▸ Data listing

════════════════════

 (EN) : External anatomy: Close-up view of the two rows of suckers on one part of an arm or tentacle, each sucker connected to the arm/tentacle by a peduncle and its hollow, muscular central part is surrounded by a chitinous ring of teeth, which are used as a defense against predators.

════════════════════

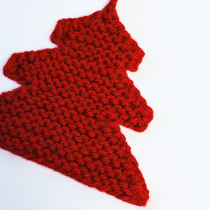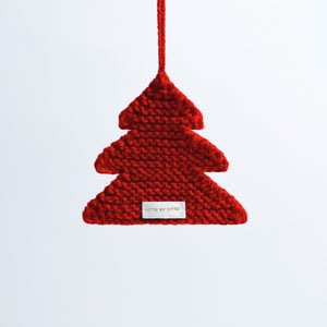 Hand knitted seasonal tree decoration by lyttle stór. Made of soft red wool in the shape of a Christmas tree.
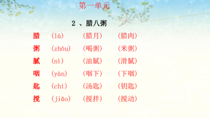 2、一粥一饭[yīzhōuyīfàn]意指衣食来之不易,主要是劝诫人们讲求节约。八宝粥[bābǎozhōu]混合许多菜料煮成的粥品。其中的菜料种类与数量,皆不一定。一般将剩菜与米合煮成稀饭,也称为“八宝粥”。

════════════════════

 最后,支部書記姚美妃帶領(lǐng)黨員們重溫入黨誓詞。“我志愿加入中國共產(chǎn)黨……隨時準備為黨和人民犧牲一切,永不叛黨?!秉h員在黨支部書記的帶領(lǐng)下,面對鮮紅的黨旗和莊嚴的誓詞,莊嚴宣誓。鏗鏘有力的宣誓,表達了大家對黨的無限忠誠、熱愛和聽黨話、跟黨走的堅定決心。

════════════════════

▸ Task objective
Using the records above, return word for word the lines that begin at the one containing "Hand knitted seasonal" and end at the one containing "2、一粥一饭[yīzhōuy", both of them included and no pictures.

▸ Reply to the exercise
 Hand knitted seasonal tree decoration by lyttle stór. Made of soft red wool in the shape of a Christmas tree.
 2、一粥一饭[yīzhōuyīfàn]意指衣食来之不易,主要是劝诫人们讲求节约。八宝粥[bābǎozhōu]混合许多菜料煮成的粥品。其中的菜料种类与数量,皆不一定。一般将剩菜与米合煮成稀饭,也称为“八宝粥”。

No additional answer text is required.